Downstream the Gila River is primarily dry below the Coolidge Dam southeast of Globe, Arizona.
“Over the last century, there have been numerous proposals to construct similar dams or large scale diversion projects to dewater the upper Gila in New Mexico,” Heinrich said. “Thankfully, all of those proposals have failed. That means that we still have some of our few remaining wild and free flowing segments of river in New Mexico, and really in the entire Southwest.”
The most recent proposal for diverting the water in New Mexico’s Gila River aimed at providing 14,000 acre-feet to landowners. With climate change increasingly reducing the amount of water available for municipal and agricultural use in the southwest, proposals for diversions and reservoirs are not uncommon in the Colorado River basin.
In 2019, the organization American Rivers listed the Gila River as the most endangered in the country, citing the proposed diversion.
The proposal for diverting water officially died this year and the legislation would prevent federal support for future proposals for dams or large-scale diversions, although the senators say it will not interfere with existing water rights.
Heinrich said reservoirs are not the most effective way to store water.
“The most effective way we can store water is in our aquifers,” he said. “Oftentimes when we try to use reservoirs as a substitute for that, what you end up with is an enormous amount of evaporation that actually takes water out of the equation for those uses.”
Heinrich said when the proposed diversion project failed, it freed up an enormous amount of funding for use in solving water issues.
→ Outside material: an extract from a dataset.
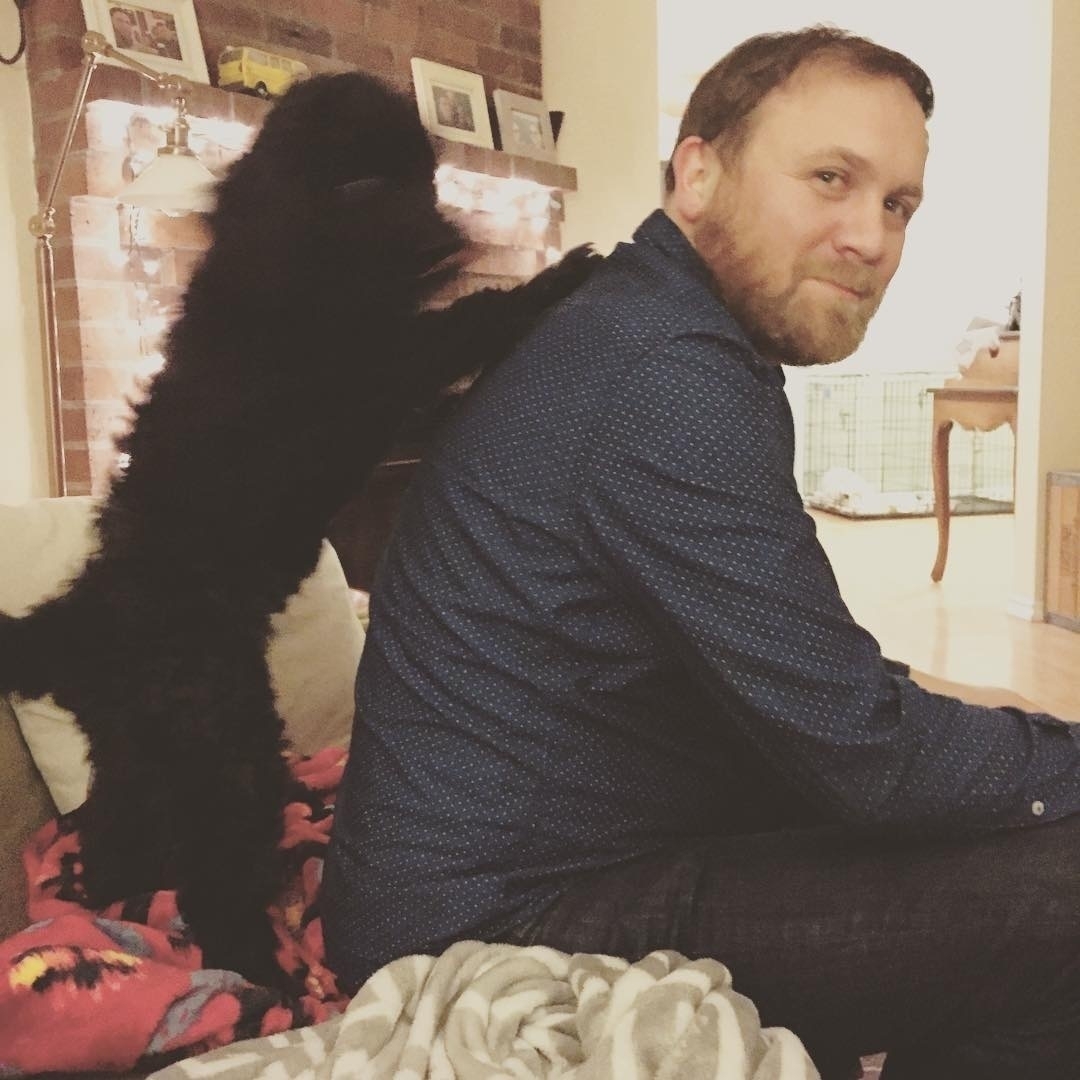 Our little monster with the sneak attack ear licks.

That money, he said, can be spent in ways that actually produce the most water for the communities rather than just a few dozen beneficiaries. He said that spreads the benefit across multiple communities, counties and municipalities in southwest New Mexico.
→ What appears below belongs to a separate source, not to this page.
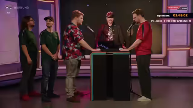 00:12:43Das Event 'Nerd Commander' dient dazu, den alleinigen Anführer des Nerd-Universums zu bestimmen. Die drei Kontrahenten, angeführt von Nils Bohmhoff, Maxim Markov und Peter, attackieren und verteidigen galaktische Planeten, die verschiedene Gaming- und Nerd-Genres repräsentieren. Ziel ist es, am Ende der dreistündigen Spielzeit die Kontrolle über die meisten Planeten zu haben und den Titel des Nerd Commanders zu gewinnen. Jeder Commander hat neun Chips, die seine Krieger repräsentieren und auf den neun Planeten verteilt werden müssen. Die Planeten umfassen Kategorien wie 'Nerdwissen' (Quiz), 'Faust' (Kampf), 'Fuchtel' (VR) und 'Alt und Kantig' (Retro). Bei siegreichen Scharmützeln gewinnt man die Kontrolle über einen Planeten, während unterlegene Einheiten verloren gehen. Jeder Commander verfügt zudem über vier 'Holy Medi-Packs', um verlorene Truppen aus dem Lazarett wiederzubeleben.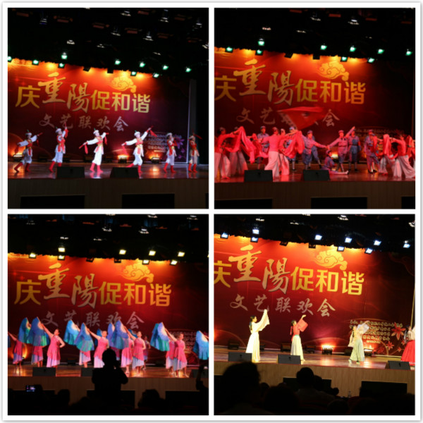 下午3点整,此次重阳节“庆祝重阳节文艺联欢会”在学院英才交流中心举行。参加本次演出的有:我校老同志表演队、九江市庐南社区老年表演队、九江市湖滨社区老年艺术团以及我校青年学生表演队,他们以“歌颂党、歌颂祖国,体现社会主义正能量”为主题,以“歌、舞、朗诵”为主要形式,先后表演了20个精彩节目,使得我校参加观看的离退休老同志和部分青年学生以及参演单位的老年朋友赞不绝口。

“There is no greater gift we could leave our grandchildren than the permanent protection of New Mexico’s last free-flowing river, whose headwaters start in the birthplace of America’s first designated Wilderness,” said New Mexico Wild Executive Director Mark Allison in a press release. “This bill honors the original vision of Aldo Leopold and river champions like the late Dutch Salmon, without whose efforts this river we love would have been greatly diminished. The legislation also aims to preserve sites held sacred to communities that have called the Gila region home for centuries. The pandemic of the past two years has underscored for New Mexicans how irreplaceable our natural and cultural heritage is.”
Heinrich said the legislation will help the economy in nearby communities by protecting the river.
“Our legislation will permanently protect the Gila’s free flowing segments, attract more visitors to southwestern New Mexico and grow our outdoor recreation industry,” Heinrich said. “It will preserve the extraordinary scenic values found along many of the river segments and will help us protect vital habitat for unique native species like the Gila trout, the Gila chub and the common Black Hawk, which, ironically, is anything but common.”
Luján said growing up on a small farm taught him first-hand the “lessons that you learn working on the land, getting your hands dirty and developing connections to the very land and water the wonders of Mother Nature with incredible sight, scenic views, wildlife.”
“The Gila River is enjoyed by countless New Mexico families and helps bolster our state’s economy,” he said. “The Gila River also serves as a cultural resource for nearby communities, the critical water source and other traditional uses in our state. For generations, this community has been home to families who have been stewards of the land with such a unique impact across New Mexico.”